We feel so green with regard to all of this business stuff it’s easy to forget we’ve learnt a thing or two along the way. There’s so much information out there about running a business that it’s pretty overwhelming for someone who’s starting from scratch and it’s difficult to know where to begin. I haven’t actually read any conventional books on business (although I am currently reading “The 22 Immutable Laws of Marketing” and am thoroughly enjoying it) but the two (yes, two!) that I have read have each introduced me to a concept that has completely obliterated many of my assumptions and given me some firm foundations to grasp onto. Another guiding principle I use doesn’t come from a business book at all but rather a sociology/social psychology one – an area a bit closer to home, for me.

I’ll talk a little bit about each over three blog posts.

Anti-Marketing Marketing

This one is by far my favourite as it provided me with an alternative to an area of business I had nothing but contempt for and it has had the biggest impact on the way we run our business.
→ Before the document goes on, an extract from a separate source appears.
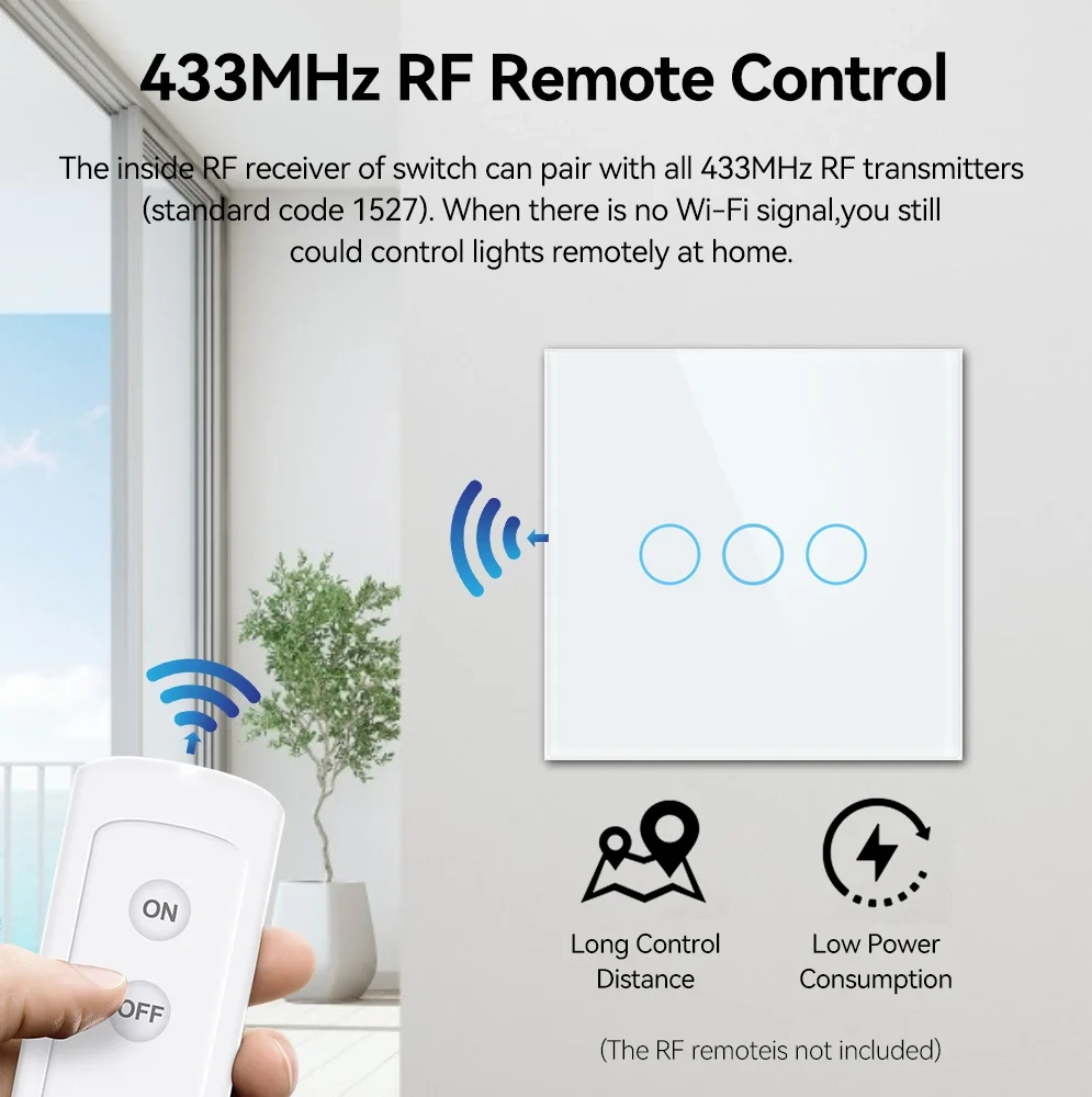 The inside RF receiver of switch can pair with all 433MHz RF transmitters(standard code 1527). When there is no Wi-Fi signal,you still could control lights remotely at home.

I first came across this concept in Chris Guillebeau’s ebook “Art + Money”. To quote from his ebook:

The “anti-marketing” approach is all about relationships, your story, and giving value… When you’re selling art, or any product that you passionately care about, you want the buyers to be people who truly want it. You want to connect with the people who are into your work, and let them realize on their own how much they want it.

The beauty of this concept is that it is not only a painless way to go about marketing, it is enjoyable, as long as you’re passionate about what it is that you do. Basically it works like this:

  1. Connect with people in your niche on various social media sites
  2. Some of these people like what you do
  3. Some of those people tell people on various social media sites about what you do
  4. Some people buy your stuff

It’s basically word of mouth on steroids.

A slightly more cynical take on this concept is to connect with “influencers” in your niche, a concept I read about in “Cloud Jacking: 7 Steps to Dominate Your Niche”. This can be done as authentically or disingenuously as you please. For example, we took a fairly strong dislike to the number one blogger in our target niche. We didn’t un-follow him straight away but after a time it became pretty clear that even if he did like The Cartographer – which we didn’t think he would – we didn’t actually want it associated with him or his website. We un-followed him and could put our efforts into connecting with people who we respected and were genuinely interested in getting to know.

The Cartographer hasn’t launched yet so I can’t tell you if any of this has actually worked for us but there are plenty of case studies out there for whom it has: Tim Ferriss, Kelly Rae Roberts, and Natasha Newton, for example.

For me, marketing always had negative connotations so I feel like the anti-marketing approach to marketing makes the entire prospect of running a business at the very least palatable and at the very best enjoyable and something I would do for free.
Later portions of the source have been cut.